Мягкие ковры, устилавшие весь пол кабинета, предохранили графа от сильного ушиба, и все обошлось благополучно. Все же эта ночная тревога среди тишины наших занятий оставила во всех тяжелое впечатление.

На другой день граф и вида не подавал, что с ним случилось. Он был только бледнее обыкновенного, но все же работал, начав на этот раз занятия свои часа на два, на три позднее и закончив их к обеду — часам к шести вечера.

Вообще Лорис-Меликов, при всей его подвижности и энергии, вовсе не отличался прочным здоровьем и был очень нервозен, а потому тревожная работа его по ветлянской чуме не могла не расстроить в значительной степени его здоровья...

XVII.

Одной из основных черт характера Лорис-Меликова, доказывающих его энергию, находчивость и умение пользоваться предоставленным ему исключительным положением, является повсюду его неудержимая решимость.
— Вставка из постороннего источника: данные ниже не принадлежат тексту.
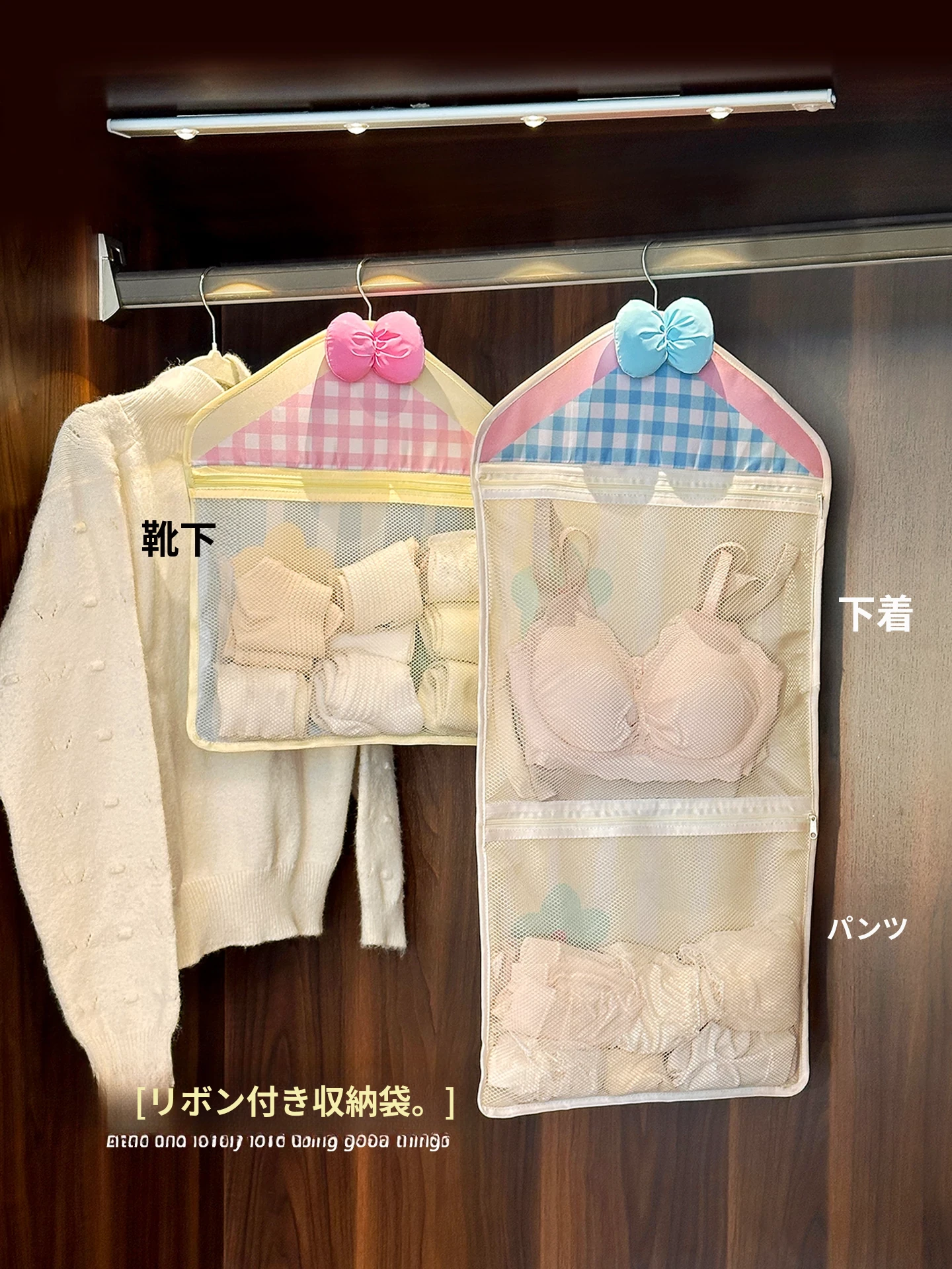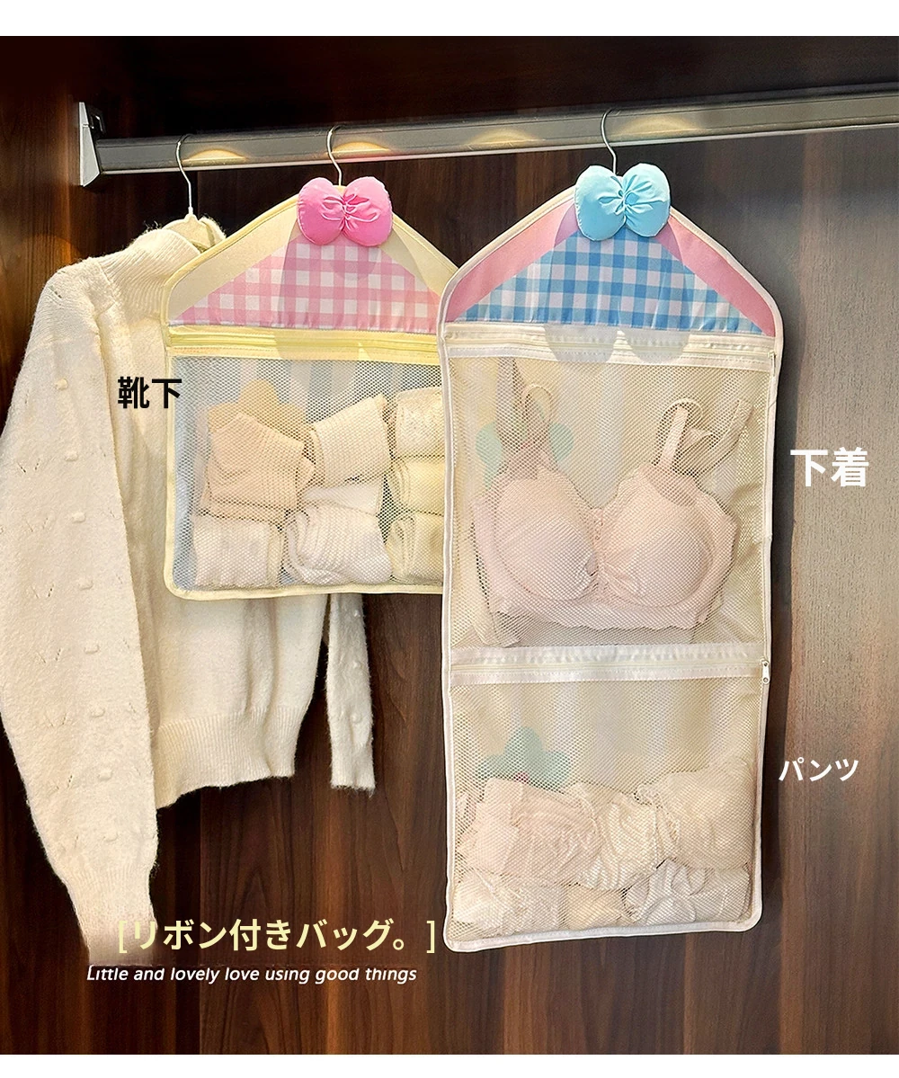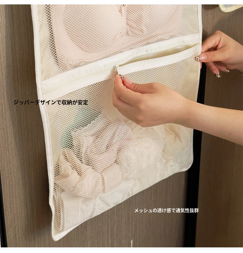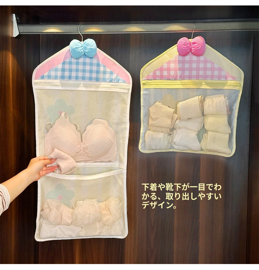 インナー収納バッグ ソックス・パンティ専用!3in1 壁掛けネットポケット 衣類収納に最適なハンギングネットバッグ!お部屋をスッキリ整理整頓!

Она не изменила ему и во всех вопросах, связанных с его задачей и требующих для своего разрешения санкции городского самоуправления. В случаях каких бы то ни было со стороны последнего несогласий, помех или проволочек, граф действовал, как диктатор, отлично зная и ни на минуту не забывая нашу всероссийскую халатность, совершенно не терпимую в острые периоды общественной и государственной жизни.

Сделав несколько экстренных заседаний астраханской городской думы, для большого удобства и престижа своей власти, у себя под рукою в зале губернаторского дома, т. е. как бы в своей канцелярии, он тут же на месте вершил все дела так, как считал нужным. Во многих случаях он добивался, а то и просто, встречая упорство, требовал вполне определенных постановлений думы в том именно смысле, в той редакции и в тех со стороны города обязательствах, каких требовали обстоятельства, не терпящие никаких отлагательств. Такие меры насилия граф находил тем более необходимыми, что они были вовсе не обременительны для богатого торгово-промыслового города Астрахани, у которого всегда могли найтись необходимые средства. [969]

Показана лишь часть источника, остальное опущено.